With the pictures left out, please write out exactly each line from the one containing "鹤岗职工社保缴费多少钱?20" through the end of the material.

[Stored data]
=======

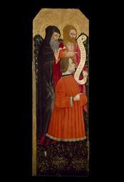 Keywords: Unknown Italian - Saints Anthony Abbot and John the Baptist with a Donor - Google Art Project.jpg commons date commons medium commons dimensions commons institution Institution Museum of Fine Arts Houston commons location commons references commons object_history commons exhibition_history commons credit_line commons inscriptions commons notes commons accession_number commons source commons permission commons other_versions commons zoom core title Saints Anthony Abbot and John the Baptist with a Donor core creator Unknown Italian core date dateCreated 1483/1487 core format w57 2 x h163 8 cm overall core type Painting core rights The Museum of Fine Arts Houston The Samuel H Kress Collection core relation MFAH core format medium Tempera and gold leaf on wood c-08498e6a customtext medium_extent entire c-08498e6a customtext medium_source MFAH google display_date 1483/1487 google is_artproject TRUE google is_gigapixel FALSE google is_secured TRUE google partner/id 0000000008498e6a google picasa_token KRSVmUpRQZeT1AFu1arV3ATBKjg special url_id _gHs3_yHG8QywA google partner/name The Museum of Fine Arts Houston special partner/name_no_lang The Museum of Fine Arts Houston PD-old-100-1923 Google Art Project works by unknown artist Italy Religious paintings in the Museum of Fine Arts Houston Portraits with patron saints |
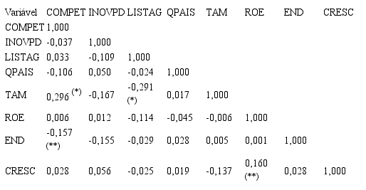 Saliente-se, contudo, que a variável tamanho se correlaciona positivamente com o nível de competitividade, sugerindo que, na medida em que a empresa se expande, sua competitividade cresce na mesma proporção, confirmando os apontamentos de Cho e Pucik (2005) e Terra, Barbosa e Bouzada (2015). Por outro lado, o tamanho se correlaciona negativamente com o número de bolsas de valores em que a empresa é listada.
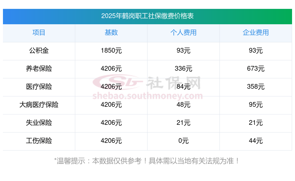 鹤岗职工社保缴费多少钱?2025年鹤岗职工社保缴费基数最新参考为:3579.00,具体如下:
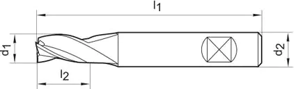 Application: for wedge and keyway milling and for universal machining. Compared to 2-blade milling cutters, the feed is approx. 50 % higher.

=======

[Task result]
 鹤岗职工社保缴费多少钱?2025年鹤岗职工社保缴费基数最新参考为:3579.00,具体如下:
 Application: for wedge and keyway milling and for universal machining. Compared to 2-blade milling cutters, the feed is approx. 50 % higher.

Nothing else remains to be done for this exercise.